When the much mourned Gabrielle Roth (http://www.gabrielleroth.com/) wrote passionately about her practice of ecstatic dance, she urged all of us to ‘sweat your prayers’. All across the world, the Anglo-Saxon-Celtic diaspora is expressing its love of life through theoretically foreign or brand new physical practices – practices of the body. I know that some of you use dances, songs and drum chants from other cultures; whilst others practice Nordic or East Asian martial arts. And I know why, because I’ve tried most of them too.

Some things that the body has to show and teach us may be universal, but I think that others are more specific to our environment or ancestry. In our own lifetimes, we are endlessly evolving and adapting. Due to the evolutionary accident that combines a narrow female pelvis and an oversized brain, we are each born months, if not years, immature. The human frame, brain and body is formed in response to experience. From the ages of both 0-3 and 10-13, your central nervous system blossoms, creating millions more synapses than you need, and then ruthlessly culling the ones you don’t use. But this process doesn’t end in mid adolescence. Instead, it continues at a slower rate throughout your life. What you repeatedly do, think and feel – what you practice – is who you become. You remake yourself every day.

And after all what we have inherited most clearly from our ancestors is our hearts, our hands and our voices. The legs we stand on were shaped by generation after generation walking this land. My hands just had to remember how to spin and knit and sew; how to wield a hammer or a saw; or how to pick up a child, because they were shaped by these acts a thousand times over, and that shape was written in my genetic code.
For many pagans, thousands of years of a natural, temperate, northern environment has done the most to shape your body – your nervous system, your digestion, your skin, and every other aspect of your physical existence, is still responding as if it lived in a shelter in the woods, feeling safe among the fires of your tribe. All this has changed in a historical heartbeat – in just a few generations. Are you aware that even the presence of artificial light in your evening environment can disrupt your sleep patterns so badly, it correlates to a statistically significant increase in rates of cancer?

Look at your hands right now, really look. Go ahead. Can you see just the tiniest fraction of all that they are asking to do; all that they are capable of – and all that has been handed down to you?

“Three drops of inspiration touch the tongue…
if the soul does not sing its song, the third is slow poison…” Emma Restall Orr

I want you to do something more for me. I want you to take off your shoes, if you’re wearing them. And your socks too, and place your feet in contact with the floor.

Some of you will be resisting the invitation. Just try, and stay with why it’s uncomfortable for you. Some of us will be worrying about whether the floor is safe, or warm enough, and whether the world is going to hurt us. Some of us will be worrying about whether our feet are ugly or smelly, or in other ways shameful and beastly; and unfit to be shared with others.

I spend a lot of time in alternative communities. Last summer I helped build the most beautiful hexagonal compost loo out of green larch wood at Monkton Wyld near Bridport (http://www.monktonwyldcourt.co.uk/). I’m finding that a good indicator of a person’s character is their attitude to waste – especially human waste.

And isn’t that interesting? How often do we cling on to a barrier between our physical self and the world; with all the other human and other than human people in it? There is a shame there that I share:
in my head, I criticise myself endlessly for my few extra pounds, my grey hairs and wrinkles, my scars and marks: for all the times my mind feels that my body has not been the perfect machine I somehow expect it to be. Part of me can’t stop doing it, even as I feel guilty about being so ungrateful. And yet…

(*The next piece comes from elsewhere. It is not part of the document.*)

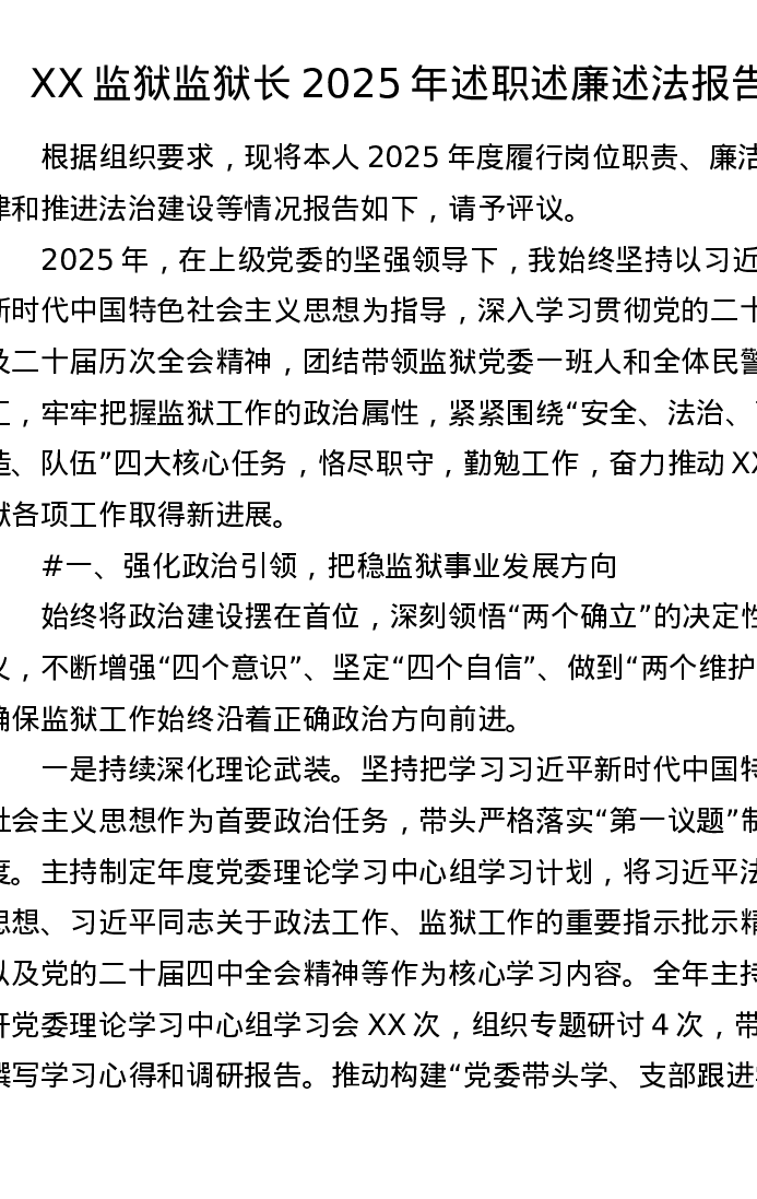 XX监狱监狱长2025年述职述廉述法报告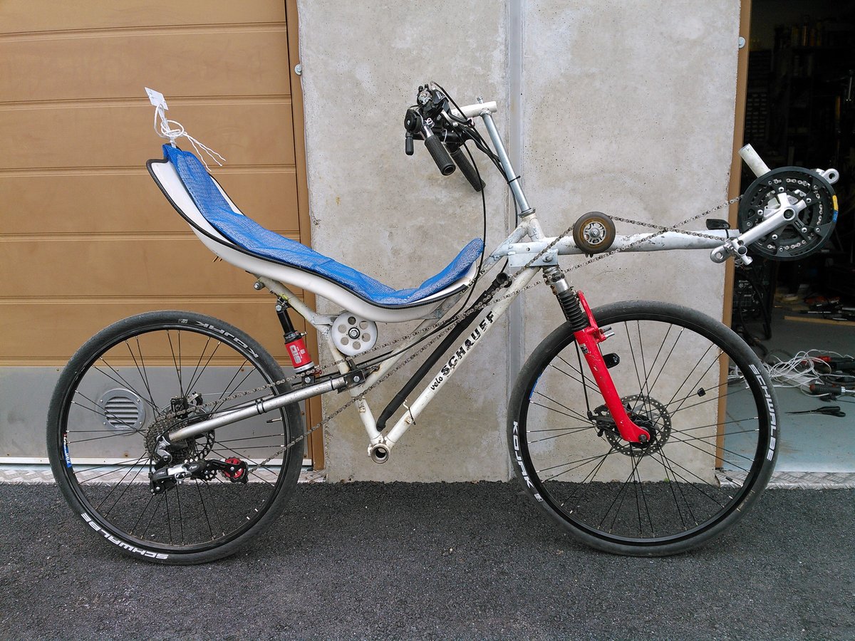 Sen hokasin että nykyisellä kampikeskiö-penkkiasemoinnilla takajousto lisää emäputken takakallistumaa. Nykyäänkin ilman käsiä ajaminen ei onnaa, haukkaa heti. En anna sen haitata, runkoa en ala venyttämään.

I was taught, and I believe that the best offerings I can make to my gods, and to my world, are of my physical self. That this is a true sacrifice – not a grand offering crafted by another and bought with my money; no matter how finely wrought. This is an offering made out of my own hair and sweat and spit in the wind. First, foremost, this is who I am; this is Awen in its rawest form, incomplete, flawed, and therefore perfectly real.

In so many traditions, including our own is a linguistic link between breath and spirit. Each breath, tirelessly received and offered back is a tangible experience of exchange with the world. In each breath, we exchange gases, and warmth, and scent and moisture, and a thousand other subconscious intimacies. Your life depends upon each inhalation. Many other lives depend in return on the gift that you exhale.

How were we ever seduced as a culture into believing that humanity stands apart from a world Created for our dominion? In each breath we whisper the truth: that in this jewel of a world, there may be pain and violence and cruelty, but nothing is lost or wasted or irredeemably corrupted unless our thinking makes it so. And because this intimate relationship with the world our mother can never be truly broken, renewed as it is with each breath, and meal, and piss, with each life and death, this bond calls to us still to be healed.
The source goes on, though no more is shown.